I don’t want to link this to a specific name: I’m dealing with the issue on the basis of principle. The current state of the law is so unsatisfactory that basically nobody has been dismissed according to its provisions, even when a case has gone to court and the plaintiff [against a prosecutor] was successful.                

Q: And that’s the reason why you don’t want to do it in the case of head public prosecutor Rampula? Are you afraid that the outcome would be the same?   

A: We’re discussing this within the ministry. I’m the last one to defend Mr. Rampula and I’m not afraid to say it openly. But the question is to make a sweeping ‘assertive gesture’ when according to the experts there’s an 80 percent chance that the administrative court would overturn the decision, or instead create a new law and consequently leave it to the Disciplinary Senate to judge to what extent Mr. Rampula is not performing his duties adequately, or to what extent the case is a question of media speculation. The ruling of the Disciplinary Senate is final and cannot be overturned by an administrative court.

The fact is it would be quicker to wait for a decision by the Disciplinary Senate than a dismissal by the minister and consequent [appeal] proceedings in the administrative courts. The public doesn’t realize it, but we’re dealing with enormous problems arising from disputes where we have lost appeal hearings on the basis of the currently valid legal provisions.       

Q: You mentioned ‘a gesture of power’ whereby you could dismiss Mr. Rampula now and leave the final decision to the courts. Some say that this course of action would be sensible because it would mean that Mr. Rampula would not be able to physically enter the state prosecution service in which case—and by this Czech position doesn’t want to attribute blame to him for something he may not have done—the investigation of several cases could move forward more quickly.             

A: As a politician, I don’t want to judge Mr. Rampula in the media. These cases are often politically charged and I would immediately put myself in a compromising position. But I hope that the new Chief Public Prosecutor represents a change to the system and that he will monitor how the public prosecution is functioning. Indeed he already has such information.

I don’t suppose that at the current time there are any irregularities taking place. If at some time abuses did take place there, I want to respect the presumption of innocence. But you are right in that theoretically, if there are currently problems in the service than it’s a risk.

On the other hand, I would like to mention a situation that really could arise: in two years time there would be a new head prosecutor and if, for example, Rampula appealed successfully he would be reinstated to the position. Then we’d have the same situation as we have now in northern Bohemia and we don’t have the means to resolve the situation. The law doesn’t provide for such a situation. From the perspective of legal stability such a situation is worse. In such a situation it is absolutely unclear who should initiate legal action on behalf of the prosecution service.            

Q: Is it possible that Pavel Zeman now sees the situation that has arisen as a sort of betrayal?

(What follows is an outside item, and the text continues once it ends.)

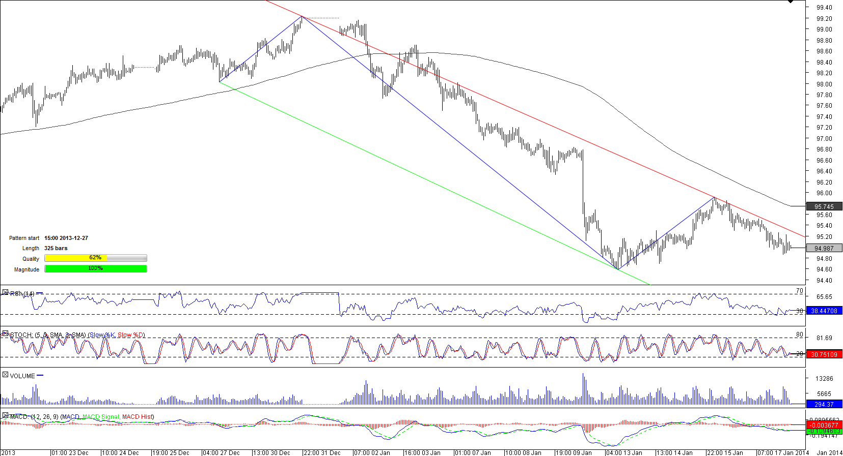 A rise to a nine-month high of 99.23 in the last day of 2013 provoked a sharp retreat of the Canadian Dollar versus the Japanese Yen; the plunge has been developing within the limits of the channel down pattern that trapped the pair 325-hour ago.

In legal circles some people are saying that if it takes too much longer to sort out the situation with Rampula he may even resign from his post.    

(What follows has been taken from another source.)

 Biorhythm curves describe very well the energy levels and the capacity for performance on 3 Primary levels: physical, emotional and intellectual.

A: I wouldn’t want to create the impression that Pavel Zeman is my friend or accomplice with who I agree on something and we implement it together, or that because as minister I have doubts about a legal procedure it means that I have betrayed someone. I apologize but I’m here as a result of the will of the citizens of the Czech Republic and I try to the best of my conscience to act so that I breach laws as little as possible and preferably not at all.

My loyalty lies with the Czech citizens, the legislature and the state, not with Pavel Zeman. I try to communicate with Pavel Zeman and I’m glad he’s the Chief State Prosecutor. I think we’ll find a constructive solution, but on the other hand, the minister isn’t there to implement all the suggestions made to him by the Chief Public Prosecutor. Therefore I ask you the question whether it’s in the interests of Pavel Zeman to take measures which will be reversed by the courts in two years time and Mr. Rampula or someone else could return [to their posts].